INFORMATION SUPPLIED START
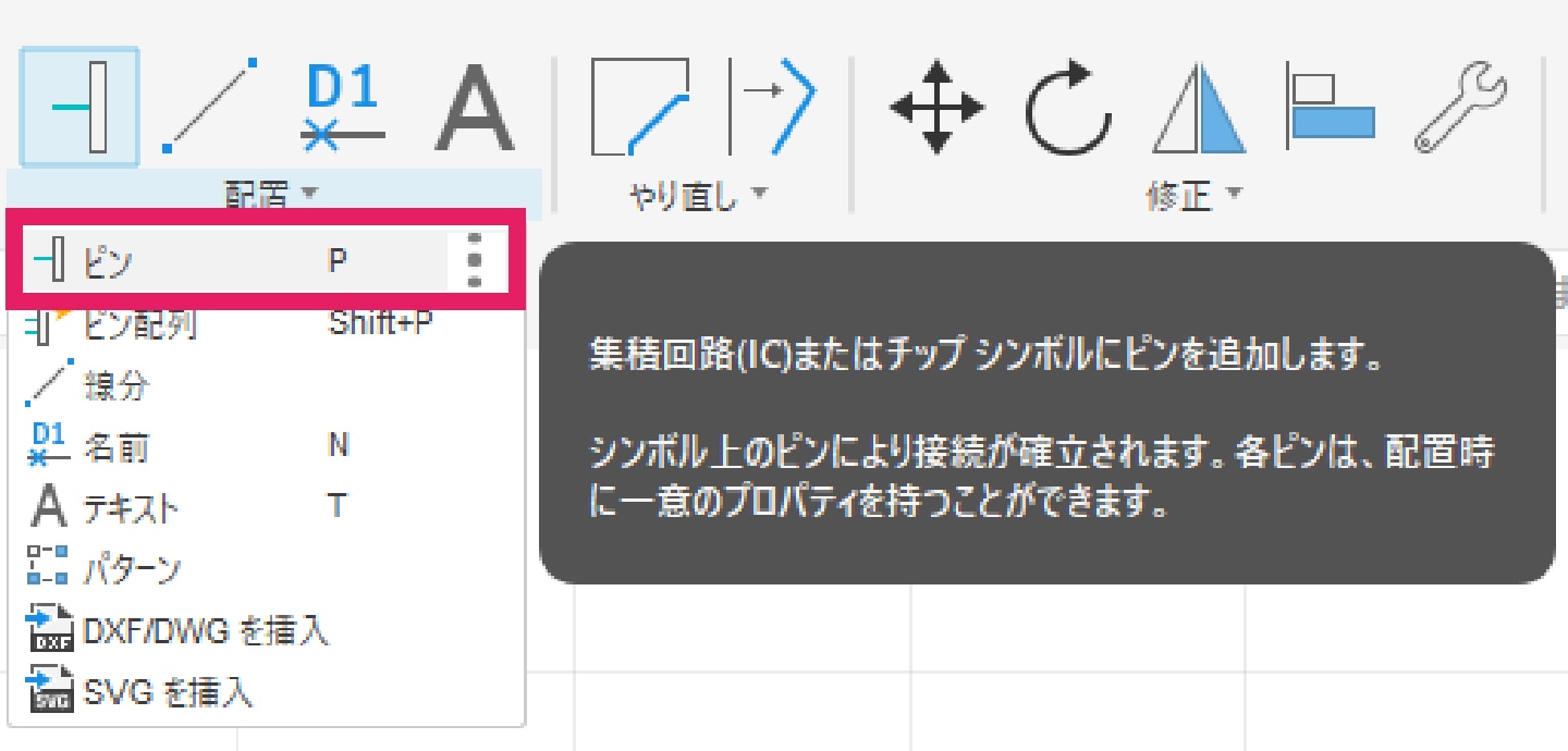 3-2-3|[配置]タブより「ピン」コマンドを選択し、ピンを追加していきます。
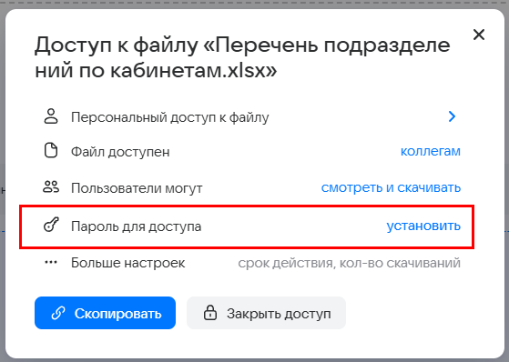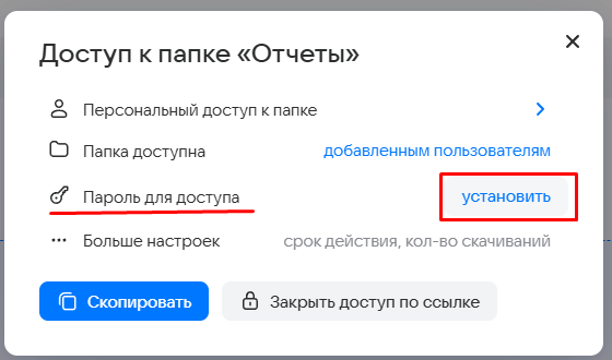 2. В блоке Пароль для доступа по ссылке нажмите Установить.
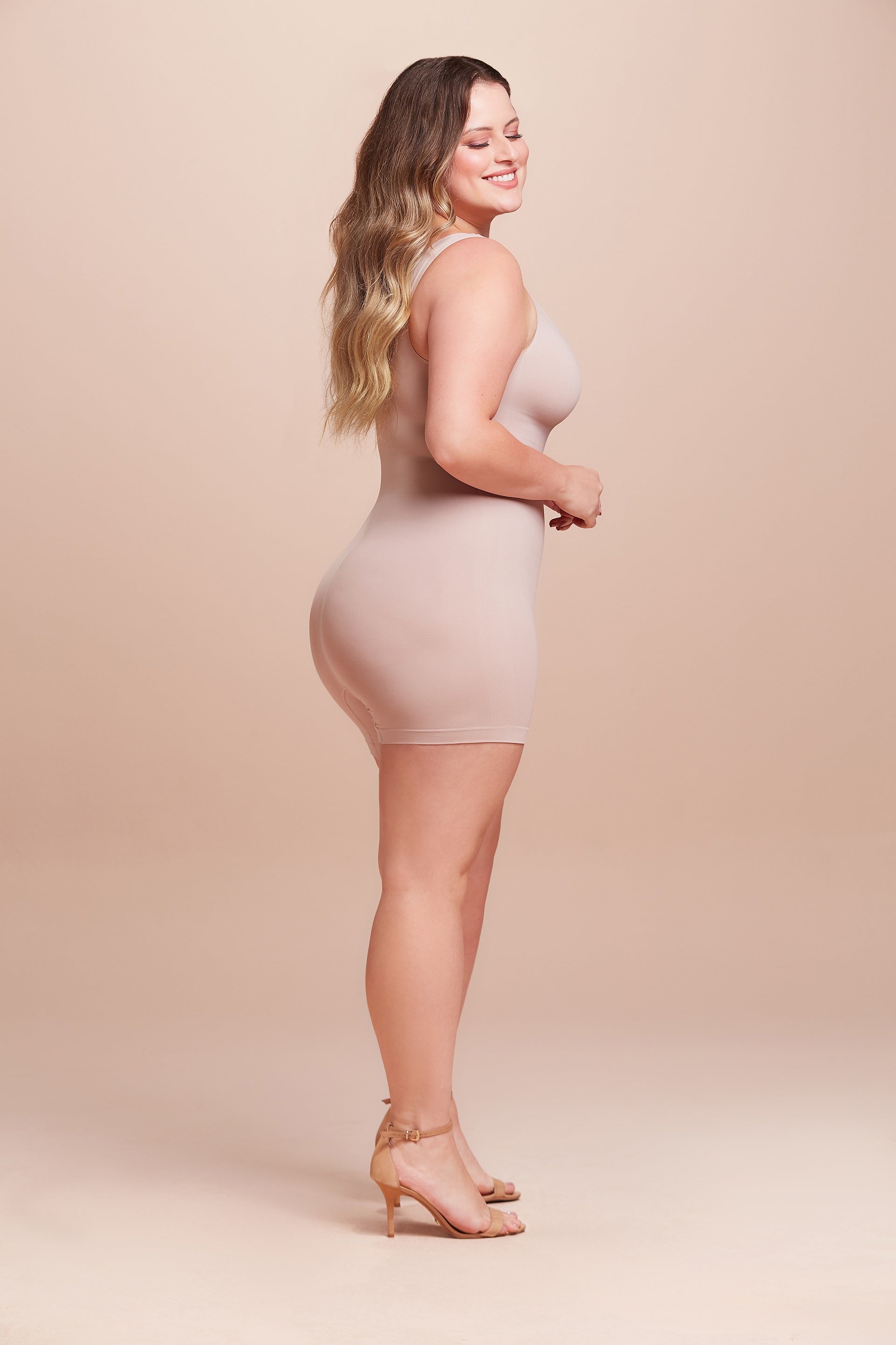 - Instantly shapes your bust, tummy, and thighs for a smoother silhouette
INFORMATION SUPPLIED END
Exact copy, pictures removed: set down the whole listing above.

 3-2-3|[配置]タブより「ピン」コマンドを選択し、ピンを追加していきます。
 2. В блоке Пароль для доступа по ссылке нажмите Установить.
 - Instantly shapes your bust, tummy, and thighs for a smoother silhouette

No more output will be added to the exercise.